McCloskey served as a Deputy District Attorney for Alameda County, California, from 1953 to 1954 and practiced law in Palo Alto, California, from 1955 to 1967, cofounding the firm McCloskey, Wilson & Mosher, a forerunner to the firm that eventually became Wilson Sonsini Goodrich & Rosati. He was a lecturer on legal ethics at Santa Clara University and Stanford Law School from 1964 to 1967.

=== Congress ===
He was elected as a Republican to the 90th Congress, by special election, to fill the vacancy caused by the death of United States Representative J. Arthur Younger, after defeating Shirley Temple in the primary. He was reelected to the seven succeeding Congresses, serving from December 12, 1967, to January 3, 1983. In a 1981 interview, he stated that he thought he "was the first Republican elected opposing the war" despite the fact that his "constituency, two to one, favored the war in 1967."

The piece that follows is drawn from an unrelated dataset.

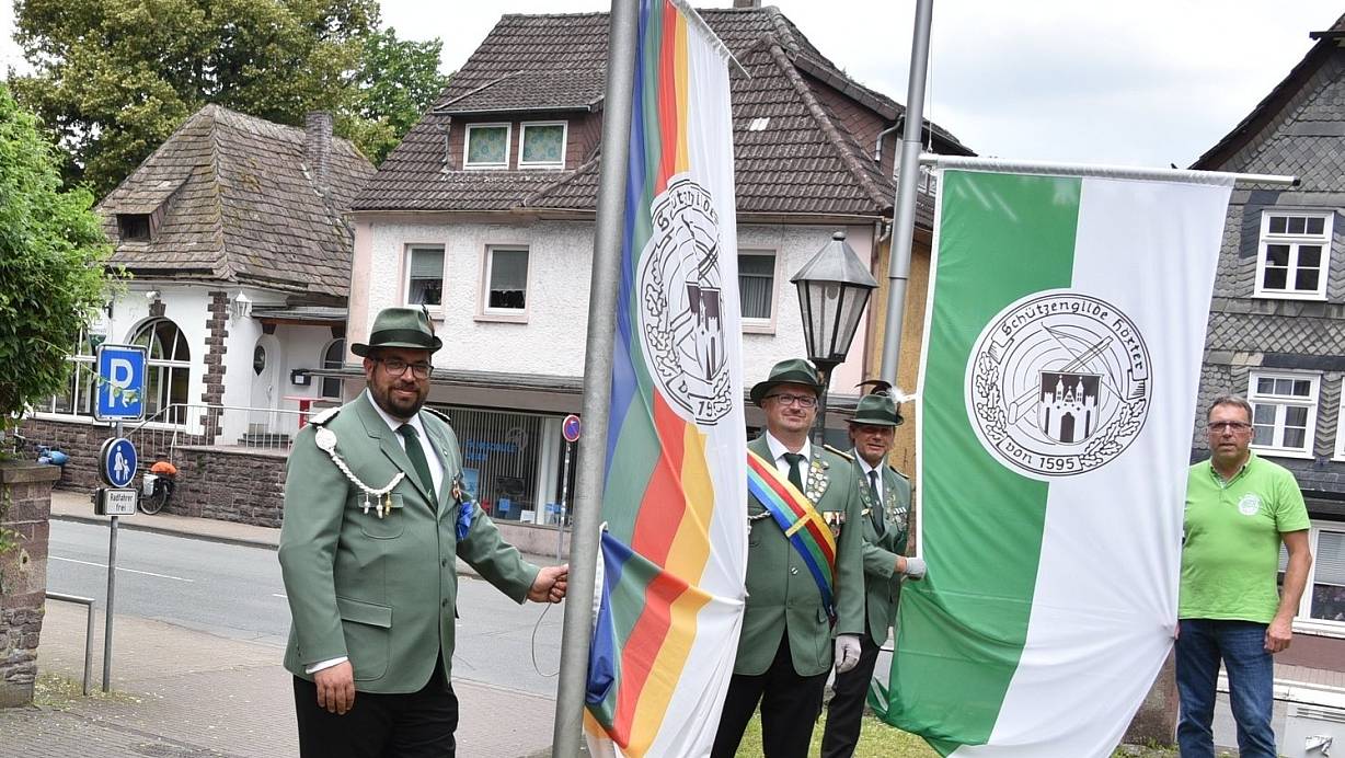 Gilde-Kommandeur Thomas Wiesemann (v. l.), Schützenkönig Frank Wiesemann, Hauptmann Alfred Micus, Gilde-Sprecher Thorsten Stein und der ehemalige Schützenkönig Andreas Hirt hatten bereits zuvor die Schützenfahne gehisst. | © Thomas Kube

McCloskey was the first member of Congress to publicly call for the impeachment of President Nixon after the Watergate scandal and the Saturday Night Massacre. He was also the first lawmaker to call for a repeal of the Gulf of Tonkin Resolution that had allowed for the War in Vietnam. He chose, in early 1975, to see for himself the effects of US bombing in Cambodia, stating afterwards that his country had committed "greater evil than we have done to any country in the world, and wholly without reason, except for our benefit to fight against the Vietnamese."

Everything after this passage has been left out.